Abstract
The fundamental flexural guided wave (FFGW) permits ultrasonic assessment of the wall thickness of solid waveguides, such as tubes or, e.g., long cortical bones. Recently, an optical non-contact method was proposed for ultrasound excitation and detection with the aim of facilitating the FFGW reception by suppressing the interfering modes from the soft coating. This technique suffers from low SNR and requires iterative physical scanning across the source-receiver distance for 2D-FFT analysis. This means that SNR improvement achieved by temporal averaging becomes time-consuming (several minutes) which reduces the applicability of the technique, especially in time-critical applications such as clinical quantitative ultrasound. To achieve sufficient SNR faster, an ultrasonic excitation by a base-sequence-modulated Golay code (BSGC, 64-bit code pair) on coated tube samples (1-5 mm wall thickness and 5 mm soft coating layer) was used.
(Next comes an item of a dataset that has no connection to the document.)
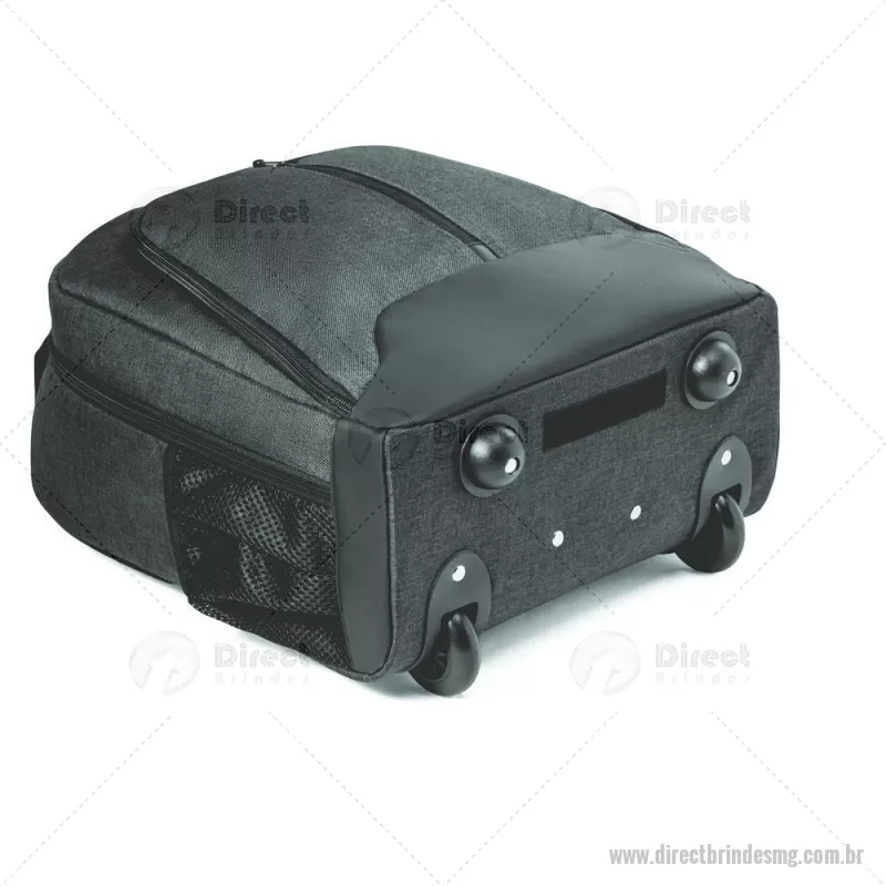Ótima opção para Brinde corporativo personalizado com ótimo custo e qualidade. Mochila trolley com rodinhas para notebook. Feita em Nylon 600D de alta densidade e poliéster 600D impermeável. Para notebook até 15.6''. Bolso frontal com zíper e bolsos laterais com tela. Com protetor de rodas. Pega extensível em metal. Parte posterior e alças almofadadas. Placa metálica removível com imã, para fácil gravação. 340 x 430 x 170 mm. - - DRTMGMC123

This approach improved SNR by 21 dB and speeded up the measurement by a factor of 100 compared to using a classical pulse excitation with temporal averaging. The measurement now took seconds instead of minutes, while the ability to determine the wall thickness of the phantoms was maintained. The technique thus allows rapid noncontacting assessment of the wall thickness in coated solid tubes, such as the human bone.
Highlights
Guided waves (GW) are widely used for non-destructive testing.[1]
An optical non-contact method was proposed for ultrasound excitation and detection with the aim of facilitating the fundamental flexural guided wave (FFGW) reception by suppressing the interfering modes from the soft coating
A method that employs a fundamental flexural guided wave (FFGW), consistent with the fundamental antisymmetric Lamb mode (A0), which corresponds to the case of the “free plate”, permits an inference of the wall thickness of tubes, e.g. the cortical thickness.[6]
Summary
Guided waves (GW) are widely used for non-destructive testing.[1]. These mechanical stress waves propagate along elongated structures and are sensitive to the structural and elastic properties of the inspected bodies.[2].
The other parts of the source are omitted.